那么 PLEG 是如何知道新啟動了一個 infra 容器呢?它會定期重新列出節點上的所有容器(例如 docker ps),並與上一次的容器列表進行對比,以此來判斷容器狀態的變化。其實這就是 relist() 函數干的事情,盡管這種方法和以前的 Kubelet 輪詢類似,但現在只有一個線程,就是 PLEG。現在不需要所有的線程並發獲取容器的狀態,只有相關的線程會被喚醒用來同步容器狀態。而且 relist 與容器運行時無關,也不需要外部依賴,簡直完美。
下面我們來看一下 relist() 函數的內部實現。完整的流程如下圖所示:

注意圖中的 RPC 調用部分,后文將會拎出來詳細解讀。完整的源代碼在這里。
盡管每秒鍾調用一次 relist,但它的完成時間仍然有可能超過 1s。因為下一次調用 relist 必須得等上一次 relist 執行結束,設想一下,如果容器運行時響應緩慢,或者一個周期內有大量的容器狀態發生改變,那么 relist 的完成時間將不可忽略,假設是 5s,那么下一次調用 relist 將要等到 6s 之后。

相關的源代碼如下:
//// pkg/kubelet/kubelet.go - NewMainKubelet()
// Generic PLEG relies on relisting for discovering container events.
// A longer period means that kubelet will take longer to detect container
// changes and to update pod status. On the other hand, a shorter period
// will cause more frequent relisting (e.g., container runtime operations),
// leading to higher cpu usage.
// Note that even though we set the period to 1s, the relisting itself can
// take more than 1s to finish if the container runtime responds slowly
// and/or when there are many container changes in one cycle.
plegRelistPeriod = time.Second * 1
// NewMainKubelet instantiates a new Kubelet object along with all the required internal modules.
// No initialization of Kubelet and its modules should happen here.
func NewMainKubelet(kubeCfg *kubeletconfiginternal.KubeletConfiguration, ...
:
klet.pleg = pleg.NewGenericPLEG(klet.containerRuntime, plegChannelCapacity, plegRelistPeriod, klet.podCache, clock.RealClock{})
//// pkg/kubelet/pleg/generic.go - Start()
// Start spawns a goroutine to relist periodically.

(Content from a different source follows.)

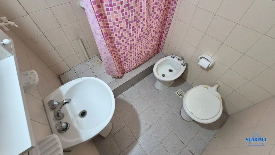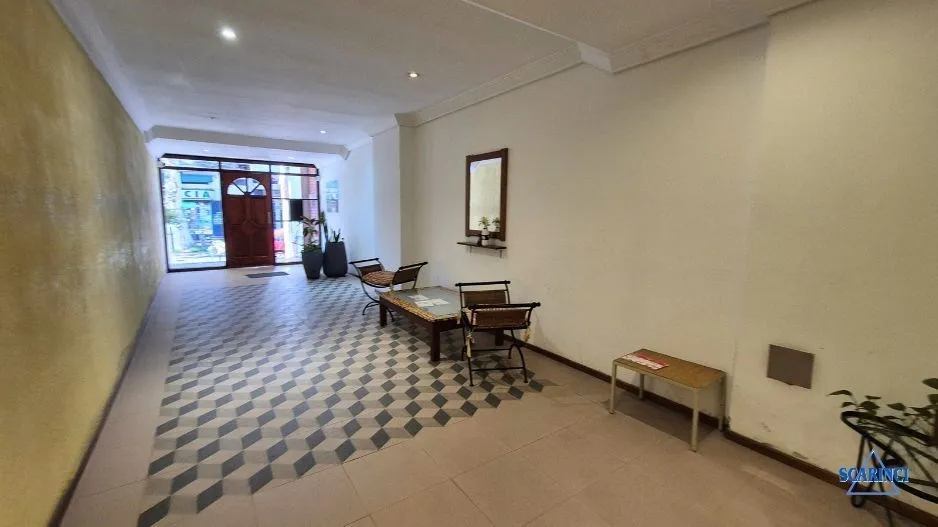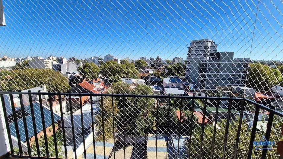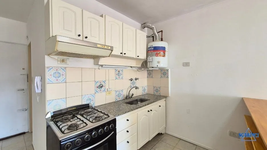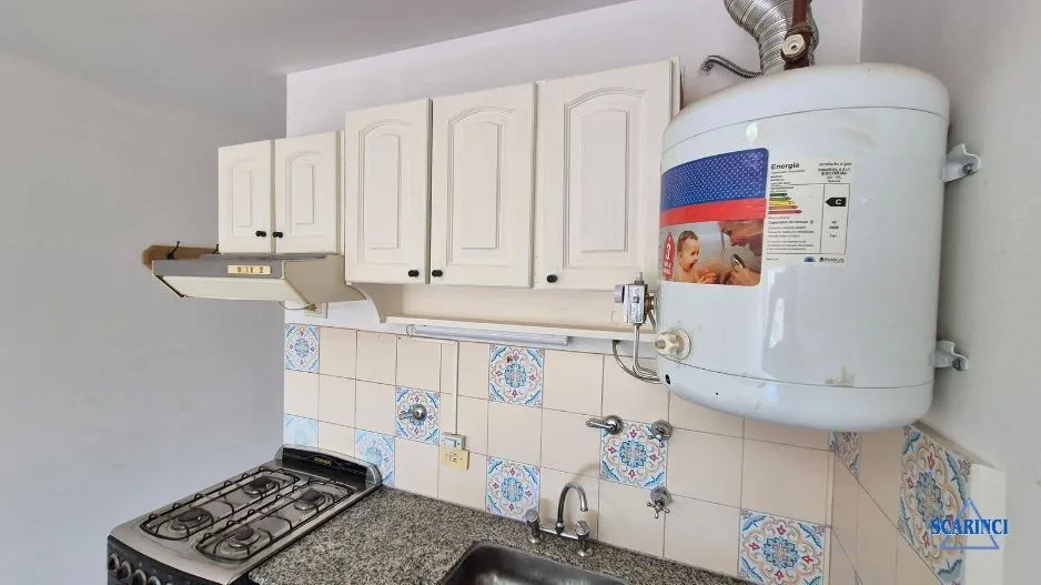 Monoambiente de 34 m² totales, 30 m² cubiertos, en un 6º piso al contrafrente con orientación noroeste, en Sáenz Peña, Tres de Febrero. Cuenta con balcón con red de seguridad y piso de cerámica. La cocina integrada incluye termotanque a gas y artefacto de cocina a gas, con alacena y bajo mesada. Tiene baño completo con ducha y terraza de uso común; antigüedad de 20 años.

func (g *GenericPLEG) Start() {
go wait.Until(g.relist, g.relistPeriod, wait.NeverStop)
}
//// pkg/kubelet/pleg/generic.go - relist()

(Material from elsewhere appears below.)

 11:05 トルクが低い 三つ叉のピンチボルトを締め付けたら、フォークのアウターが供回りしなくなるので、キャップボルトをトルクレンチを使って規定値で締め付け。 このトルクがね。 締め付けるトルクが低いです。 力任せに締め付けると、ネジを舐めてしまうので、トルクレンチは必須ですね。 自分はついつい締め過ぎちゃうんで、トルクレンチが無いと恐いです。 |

func (g *GenericPLEG) relist() {
... WE WILL REVIEW HERE ...
}
回到上面那幅圖,relist 函數第一步就是記錄 Kubelet 的相關指標(例如 kubelet_pleg_relist_latency_microseconds),然后通過 CRI 從容器運行時獲取當前的 Pod 列表(包括停止的 Pod)。該 Pod 列表會和之前的 Pod 列表進行比較,檢查哪些狀態發生了變化,然后同時生成相關的 Pod 生命周期事件和更改后的狀態。
//// pkg/kubelet/pleg/generic.go - relist()
:
// get a current timestamp
timestamp := g.clock.Now()
// kubelet_pleg_relist_latency_microseconds for prometheus metrics
defer func() {
metrics.PLEGRelistLatency.Observe(metrics.SinceInMicroseconds(timestamp))
}()
// Get all the pods.
podList, err := g.runtime.GetPods(true)
:
其中 GetPods() 函數的調用堆棧如下圖所示:

相關的源代碼如下:
//// pkg/kubelet/kuberuntime/kuberuntime_manager.go - GetPods()

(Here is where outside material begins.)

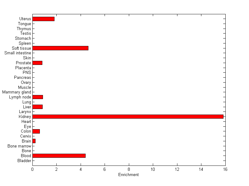 About the profile: The expression level is normalized with tissue-library size. Each value for a gene in a tissue is a ratio of observed ESTs to the expected one in this tissue. The expected number of ESTs is the product of total ESTs of the gene and the fraction of total ESTs in the tissue among all ESTs in 30 tissues. Summary: This gene is preferentially expressed in [kidney] Download: |

// GetPods returns a list of containers grouped by pods. The boolean parameter
// specifies whether the runtime returns all containers including those already
// exited and dead containers (used for garbage collection).
func (m *kubeGenericRuntimeManager) GetPods(all bool) ([]*kubecontainer.Pod, error) {
pods := make(map[kubetypes.UID]*kubecontainer.Pod)
sandboxes, err := m.getKubeletSandboxes(all)
:
}
//// pkg/kubelet/kuberuntime/kuberuntime_sandbox.go - getKubeletSandboxes()
// getKubeletSandboxes lists all (or just the running) sandboxes managed by kubelet.
func (m *kubeGenericRuntimeManager) getKubeletSandboxes(all bool) ([]*runtimeapi.PodSandbox, error) {
:
resp, err := m.runtimeService.ListPodSandbox(filter)
:
}
//// pkg/kubelet/remote/remote_runtime.go - ListPodSandbox()
// ListPodSandbox returns a list of PodSandboxes.
func (r *RemoteRuntimeService) ListPodSandbox(filter *runtimeapi.PodSandboxFilter) ([]*runtimeapi.PodSandbox, error) {
:
resp, err := r.runtimeClient.ListPodSandbox(ctx, &runtimeapi.ListPodSandboxRequest{
:
return resp.Items, nil
}
獲取所有的 Pod 列表后,relist 的完成時間就會更新成當前的時間戳。也就是說,Healthy() 函數可以根據這個時間戳來評估 relist 是否超過了 3 分鍾。
//// pkg/kubelet/pleg/generic.go - relist()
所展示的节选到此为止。